Program to find out the sum of the maximum subarray after a operation in Python

Given an array of integers, we can perform one operation where we replace any element array[i] with its squared value array[i] * array[i]. Our goal is to find the maximum possible subarray sum after performing this operation.

So, if the input is like array = [4, 1, -2, -1], then the output will be 17.

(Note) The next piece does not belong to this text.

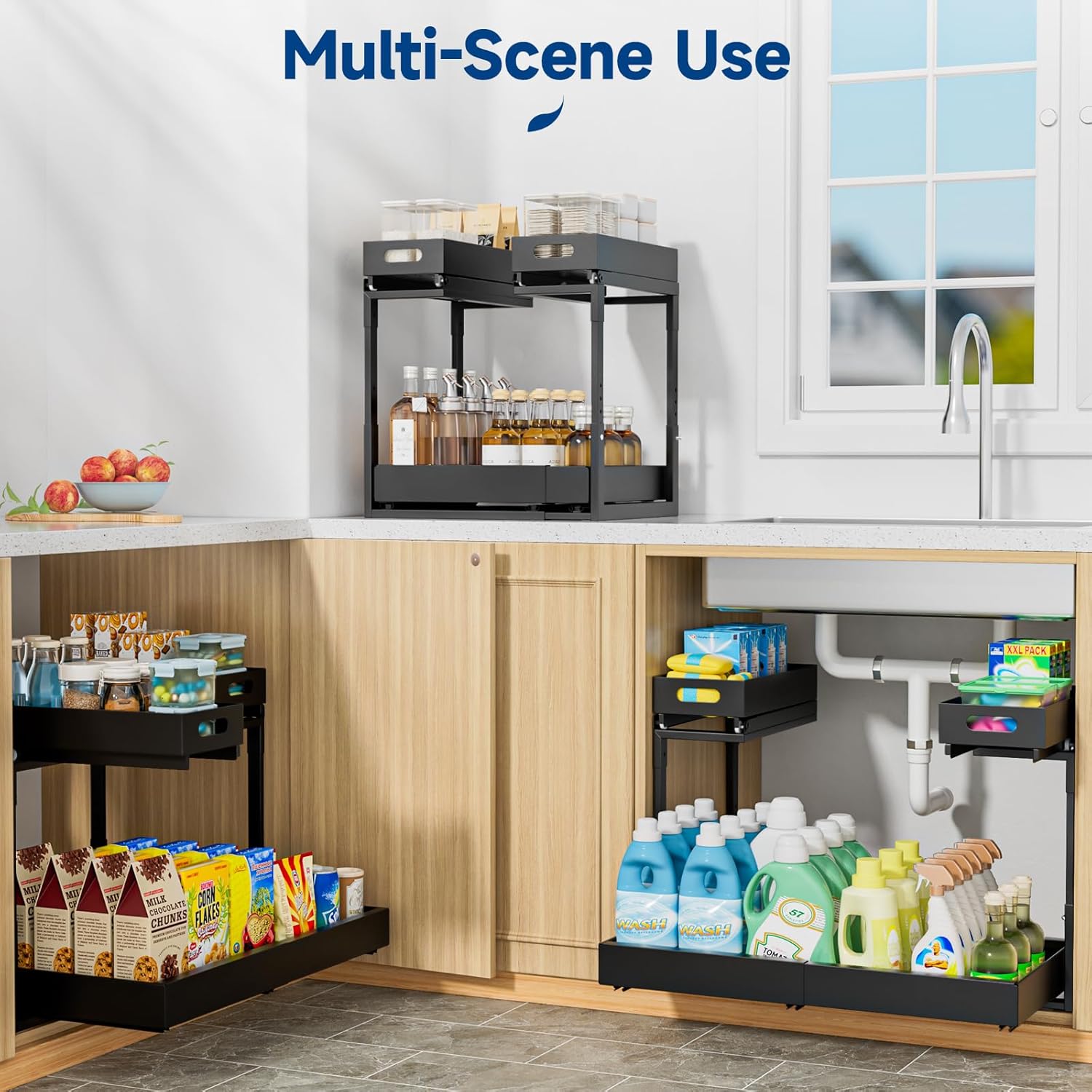 Upgraded 3-Rail: Kitchen under sink storage is upgraded with high quality smooth professional ball bearing slides and thickened rust-proof carbon steel for enhanced stability and 100 lbs weight capacity. The bottom basket is equipped with 3 sets of thickened and widened silent slides, the drawers run quietly and smoothly. Completely solve the traditional round tube slide friction jam, easy to fall off and other problems, longer service life.

If we replace the value in array[0] with its squared value, the array becomes [16, 1, -2, -1]. The maximum subarray from this is [16, 1], which has the sum 16 + 1 = 17.

Algorithm

We use dynamic programming with two arrays:

• dp1 − stores maximum subarray sum without using the square operation
• dp2 − stores maximum subarray sum after using the square operation at most once

For each element, we consider three possibilities:

• Continue previous subarray without squaring current element
• Start new subarray by squaring current element
• Square current element and add to previous subarray (if operation not used)

Implementation

def solve(array):
    # dp1: max subarray sum without using square operation
    dp1 = [float('-inf')]
    # dp2: max subarray sum using square operation at most once
    dp2 = [float('-inf')]
    
    for num in array:
        # Without squaring: continue previous or start new
        dp1.append(max(dp1[-1] + num, num))
        
        # With squaring: three options
        # 1. Square current and add to subarray before squaring
        # 2. Start new subarray with squared current element
        # 3. Continue previous subarray (already used square operation)
        dp2.append(max(dp1[-2] + num**2, num**2, dp2[-1] + num))
    
    return max(dp2)

# Test the function
result = solve([4, 1, -2, -1])
print(f"Maximum subarray sum: {result}")

Maximum subarray sum: 17

How It Works

Let's trace through the example [4, 1, -2, -1]:

def solve_with_trace(array):
    dp1 = [float('-inf')]
    dp2 = [float('-inf')]
    
    print("Step by step execution:")
    print("dp1 (no square):", dp1)
    print("dp2 (with square):", dp2)
    print()
    
    for i, num in enumerate(array):
        # Update dp1
        dp1.append(max(dp1[-1] + num, num))
        
        # Update dp2
        option1 = dp1[-2] + num**2  # Square current, add to previous
        option2 = num**2            # Start new with squared
        option3 = dp2[-1] + num     # Continue with current
        
        dp2.append(max(option1, option2, option3))
        
        print(f"After processing {num}:")
        print(f"  dp1: {dp1}")
        print(f"  dp2: {dp2}")
        print(f"  Options for dp2: {option1}, {option2}, {option3}")
        print()
    
    return max(dp2)

solve_with_trace([4, 1, -2, -1])

Step by step execution:
dp1 (no square): [-inf]
dp2 (with square): [-inf]

After processing 4:
  dp1: [-inf, 4]
  dp2: [-inf, 16]
  Options for dp2: 16, 16, -inf

After processing 1:
  dp1: [-inf, 4, 5]
  dp2: [-inf, 16, 17]
  Options for dp2: 5, 1, 17

After processing -2:
  dp1: [-inf, 4, 5, 3]
  dp2: [-inf, 16, 17, 19]
  Options for dp2: 9, 4, 15

After processing -1:
  dp1: [-inf, 4, 5, 3, 2]
  dp2: [-inf, 16, 17, 19, 18]
  Options for dp2: 4, 1, 18

Key Points

• We can use the square operation at most once in the entire array
• The subarray must be non-empty
• Dynamic programming tracks both possibilities: with and without using the square operation
• Time complexity: O(n), Space complexity: O(n)

Conclusion

This dynamic programming approach efficiently finds the maximum subarray sum after performing at most one square operation. The key insight is tracking two states: maximum sum without squaring and maximum sum with squaring used at most once.